# Border Terrier - off lead or not?



## Mama Sass (Sep 8, 2009)

Basil our border terrier is 5 months old and I have had him off lead in safe, secure areas from the start. His recall so far is really good (as long as there aren't any other dogs about!), and he rarely strays too far from where we are.

However, some people have mentioned that as a terrier he should NEVER be allowed off lead as they have a tendency to chase after anything that runs and ignore any recall they may have learned! Basil is only young and I am anticipating more issues as he reaches adolesence, but we work hard at his recall and have encountered very few issues so far.

Reason I ask is that now he is a bit older we are beginning to go further afield with him, and we often go through some nearby fields with him off lead, and I am worried that I am being irresponsible for letting him off lead.

Just wondered what everyone else thinks? Am I being mad by letting him off?


----------



## crazybones (Jan 1, 2009)

imo the only way you find out is by trying it... If your happy with his recall then as long their are no roads near then if i was you i would give it a try...


----------



## Patterdale_lover (Sep 25, 2008)

Who ever said that obviously stereo types  Yes, terriers are very hard headed and fixated on game with a huge prey drive. However with firm obedience and consistant training i should see no problem why your dog shouldn't be let off.
My terrier is an ex worker if she sees something run she will take after it however i have trained her consistantly and she comes straight back to me. I trained this in to her at 7 months and she is an ex worker so the drive is even more intense. You can do it with your pup :thumbup:


----------



## Sarahnorris (Dec 1, 2008)

Patterdale_lover said:


> However with firm obedience and consistant training i should see no problem why your dog shouldn't be let off.


i agree with patterdale 

or try a long line?


----------



## Mum2Alfie (Jan 4, 2010)

If its working so far and u havent got a problem, then why change it? If there does become a problem then deal with it when it occurs. Chazz chases thigs, but never goes too far and always comes back when I call him. I know plenty of people on here who has terriors and has no problem. 

Some people can be so closed minded!


----------



## Mama Sass (Sep 8, 2009)

Patterdale_lover said:


> Who ever said that obviously stereo types  Yes, terriers are very hard headed and fixated on game with a huge prey drive. However with firm obedience and consistant training i should see no problem why your dog shouldn't be let off.
> My terrier is an ex worker if she sees something run she will take after it however i have trained her consistantly and she comes straight back to me. I trained this in to her at 7 months and she is an ex worker so the drive is even more intense. You can do it with your pup :thumbup:


Yay! :thumbup:

So pleased that someone thinks it can be done!

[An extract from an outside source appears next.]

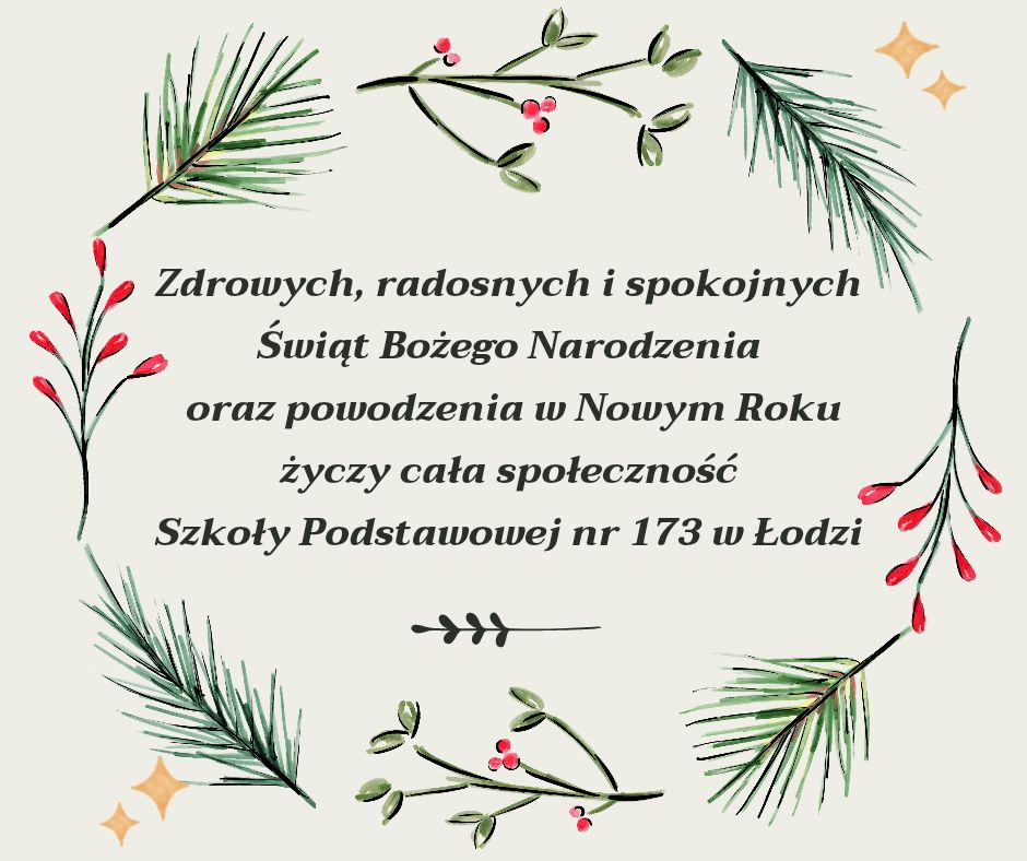 Z okazji zbliżających się Świąt Bożego Narodzenia życzę całej społeczności szkolnej pięknych świąt, spędzonych w rodzinnej atmosferze. Niechże wszechobecny spokój i radość zapanują w Państwa domach. Pozdrawiam serdecznie. Dyrektor szkoły Bożena Biniek
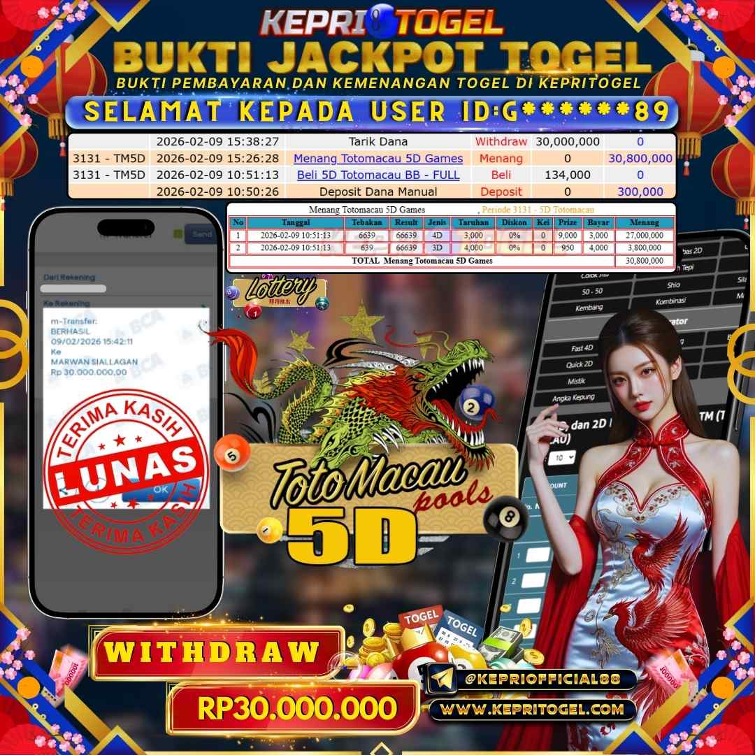 Kepritogel Jackpot Togel Toto Macau 5D Rp30,000,000

We will continue to work hard on his recall (which I think for a pup is really good anyway) and see how we go. So far it seems as long as he knows we have cheese then we are worth coming back to when we call him!!

It's so lovely to see him trotting and sniffing about and going where he pleases that it would be a shame to stop it.

Thanks for the advice/support!


----------



## sarybeagle (Nov 4, 2009)

Hi I've got a almost 8 month old beagle and people on hearing this reply with she'll never be off lead, run away, never come when called. Yet she is super on recall, never runs far ahead always stops looks back and if she is too far ahead she soon runs back and muzzles straight into our legs and flops over for belly rubs  

IMO if you know your dog is ok then why change? I'm constantly watching bella just to make sure she is ok, still in sight etc and so far we've been ok. I won't let her off lead if it's not safe I'll leave her long line on but I'm finding I'm taking that off more than leaving it on now  

You know your dog best, like you say you're aware there maybe teething probs when they hit teenage stage-I'm prepared for bells too. Don't let people spoil your walks xx


----------



## Becki&Daisy (Oct 22, 2009)

I think this sort of thing should be done asap... 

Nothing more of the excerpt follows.